Après l'entrée, première expo au premier étage. Dans l'escalier, belle œuvre très dynamique ("les nymphes de Diane" - 1971).
Les salles s'enchaînent ensuite, et je m'arrête longuement devant certaines toiles monumentales qui me "parlent".
Je vous épargne mon verbiage : vous trouverez ici et là des gens bien plus informés pour vous faire découvrir l'artiste et l'expo, et même une visite virtuelle ici (tant qu'elle restera sur le web).
En plus de ces bien belles choses, j'apprends qu'il est également célèbre pour sa pièce de dix francs de 1974, son logotype d'Antenne 2 de 1975, et ses timbres postaux. Donc je le "connaissais" !
Nous redescendons vers la deuxième partie de l'expo.
"Deux expositions en une pour célébrer l'un des peintres les plus productifs de la fin du XXème siècle, Georges Mathieu. La 1ère partie présente une très large rétrospective de son travail pictural et la 2ème permet à des acteurs majeurs de la scène graffiti, tels que Jonone, Nassyo, ou Lek & Sowat, de lui rendre un bel hommage" (Monnaie de Paris, jusqu'au 7 septembre 2025, voir ici).
Là aussi, j'en ai pris plein la vue et j'ai préféré prendre les cartels : c'est tout de même d'un autre niveau que mon babillage.

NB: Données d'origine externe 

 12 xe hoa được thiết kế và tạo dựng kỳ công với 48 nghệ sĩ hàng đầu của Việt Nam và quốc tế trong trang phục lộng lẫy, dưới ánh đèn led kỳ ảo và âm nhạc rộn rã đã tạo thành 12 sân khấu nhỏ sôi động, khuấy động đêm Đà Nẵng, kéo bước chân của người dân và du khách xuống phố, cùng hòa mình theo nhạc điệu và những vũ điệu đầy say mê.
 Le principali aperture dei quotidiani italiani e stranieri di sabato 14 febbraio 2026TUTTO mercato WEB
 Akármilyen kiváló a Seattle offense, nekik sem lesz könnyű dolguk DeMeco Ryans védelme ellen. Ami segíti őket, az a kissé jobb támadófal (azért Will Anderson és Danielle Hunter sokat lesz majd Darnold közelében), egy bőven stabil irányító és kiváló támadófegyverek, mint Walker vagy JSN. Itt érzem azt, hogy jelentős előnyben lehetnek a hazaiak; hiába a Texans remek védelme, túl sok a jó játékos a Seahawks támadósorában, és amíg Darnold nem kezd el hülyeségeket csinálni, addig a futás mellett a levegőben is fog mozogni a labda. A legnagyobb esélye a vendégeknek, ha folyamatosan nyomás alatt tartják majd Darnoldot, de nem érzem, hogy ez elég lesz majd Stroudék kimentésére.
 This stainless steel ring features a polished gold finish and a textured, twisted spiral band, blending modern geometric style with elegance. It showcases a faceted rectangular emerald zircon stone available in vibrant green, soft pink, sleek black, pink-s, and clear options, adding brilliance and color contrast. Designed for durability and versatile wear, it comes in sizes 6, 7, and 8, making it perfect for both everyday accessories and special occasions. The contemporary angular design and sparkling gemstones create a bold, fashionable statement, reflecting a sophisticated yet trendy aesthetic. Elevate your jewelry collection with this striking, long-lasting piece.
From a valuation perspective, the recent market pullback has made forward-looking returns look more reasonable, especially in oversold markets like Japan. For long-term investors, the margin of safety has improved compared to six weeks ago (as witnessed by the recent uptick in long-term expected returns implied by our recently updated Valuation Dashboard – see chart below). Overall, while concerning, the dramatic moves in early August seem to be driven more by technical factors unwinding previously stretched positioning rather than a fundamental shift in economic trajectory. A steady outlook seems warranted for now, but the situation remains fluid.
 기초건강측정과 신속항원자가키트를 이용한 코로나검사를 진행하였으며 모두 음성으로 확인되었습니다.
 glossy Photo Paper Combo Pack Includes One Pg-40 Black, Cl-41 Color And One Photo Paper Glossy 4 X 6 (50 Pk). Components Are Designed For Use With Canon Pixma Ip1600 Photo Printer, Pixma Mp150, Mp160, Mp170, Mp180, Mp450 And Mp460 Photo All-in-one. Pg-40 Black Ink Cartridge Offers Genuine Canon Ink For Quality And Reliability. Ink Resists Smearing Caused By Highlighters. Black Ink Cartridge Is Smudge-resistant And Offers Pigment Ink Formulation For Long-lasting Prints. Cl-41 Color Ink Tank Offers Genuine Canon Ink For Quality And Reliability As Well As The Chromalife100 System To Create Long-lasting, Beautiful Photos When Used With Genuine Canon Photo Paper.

Après cette visite vraiment très intéressante et instructive, j'ai voulu en savoir un peu plus sur le gars, j'ai donc emprunté un bouquin à la médiathèque au mois d'août (relire ici). J'ai pu redécouvrir tranquillement sa carrière et constater que l'œuvre est bien plus intéressante que le bonhomme qui se revendiquait royaliste : né en 1921, je me demande ce qu'il a pu faire entre 1940 et 1945. Mais je digresse une fois de plus.
Au prochain épisode, on reprend les balades dans les rues.